4. Frontend-Backend Separation

  • Backend: Python pipeline scripts (process_pipeline.py, indexer.py, search.py, etc.)
  • Frontend: React SPA in frontend/ directory
  • Communication: File system + database queries (no REST API layer currently)
  • The frontend reads from the same data stores the pipeline writes to.

Directory Structure

video_analysis/
├── pipeline/              # Pipeline modules
├── transcripts/           # Generated transcripts
├── downloads/             # Downloaded media
├── slides/                # Generated Reveal.js slides
├── audio/                 # Extracted audio files
├── diagrams/              # Generated diagrams
├── frontend/              # React SPA (Split-Helix UI)
│   ├── src/
│   ├── public/
│   └── package.json
├── docs/                  # Documentation
│   ├── architecture/      # Architecture diagrams
│   └── adr/               # Architecture Decision Records
├── tests/                 # Test suite
├── process_pipeline.py    # Main pipeline orchestrator
├── indexer.py             # Knowledge graph indexing
├── search.py              # Semantic search
├── downloader.py          # YouTube download
├── slide.py               # Slide generation
├── generate_slide.py      # Slide generation helper
├── cognee_setup.py        # Cognee configuration
├── cognee_indexer.py      # Cognee indexing logic
├── setup_wizard.py        # Interactive setup
├── requirements.txt       # Python dependencies
├── Makefile               # Task runner
└── ARCHITECTURAL_GUARDRAILS.md  # This file

Guardrails

Pipeline Guardrails

  1. No blocking UI calls — Pipeline scripts must be non-interactive (except setup_wizard.py).
  2. Idempotent operations — Re-running a stage should not duplicate data.
  3. Graceful degradation — If Ollama is unavailable, pipeline should fail with clear error, not silently skip.
  4. Logging — Use pipeline.log for structured logging.
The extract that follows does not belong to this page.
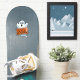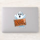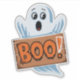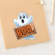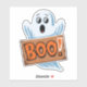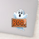 This Halloween design features a cartoon-style ghost with a surprise expression floating behind a wooden panel. The sign displays the word "BOO!" in red and shredded letters, evoking the classic fear associated with ghosts and Halloween surprises. The minimalist background highlights the ghost and the sign, creating a fun and festive design perfect for decorations, greeting cards or promotional material for Halloween events.

No print() statements in production code.

Frontend Guardrails

  1. No backend server required — Frontend reads directly from file system / database.
  2. React 18 only — Do not upgrade React major version without ADR.
  3. Three.js for 3D — All 3D visualization uses React Three Fiber + Three.js.
  4. No external API calls — Frontend must not call external services.

Data Guardrails

  1. Cognee is the source of truth — Knowledge graph data lives in Cognee-managed databases.
  2. Files are artifacts — Transcripts, slides, and diagrams are outputs, not inputs (except for pipeline consumption).
  3. No hardcoded paths — Use .env configuration for all file paths.

Dependency Guardrails

  1. Local-first dependencies — Prefer local tools (Whisper.cpp, Ollama) over cloud APIs.
  2. Pin major versionsrequirements.txt and package.json should pin major versions.
  3. New dependency requires ADR — Any new external service or major library addition needs an Architecture Decision Record.

Running the System

# Setup (one-time)
make setup

# Download a lesson
make download URL="https://www.youtube.com/playlist?list=..."

# Run the pipeline
make run

# Build knowledge graph
make index

# Search
make search QUERY="your query"

# Frontend
cd frontend && npm start

Decision Records

All architectural decisions are tracked in docs/adr/.
See docs/adr/TEMPLATE.md for the format.


C4 Diagrams

System architecture diagrams are in docs/architecture/diagrams/ in Mermaid format. Start with system-context.mmd for the C4 System Context view.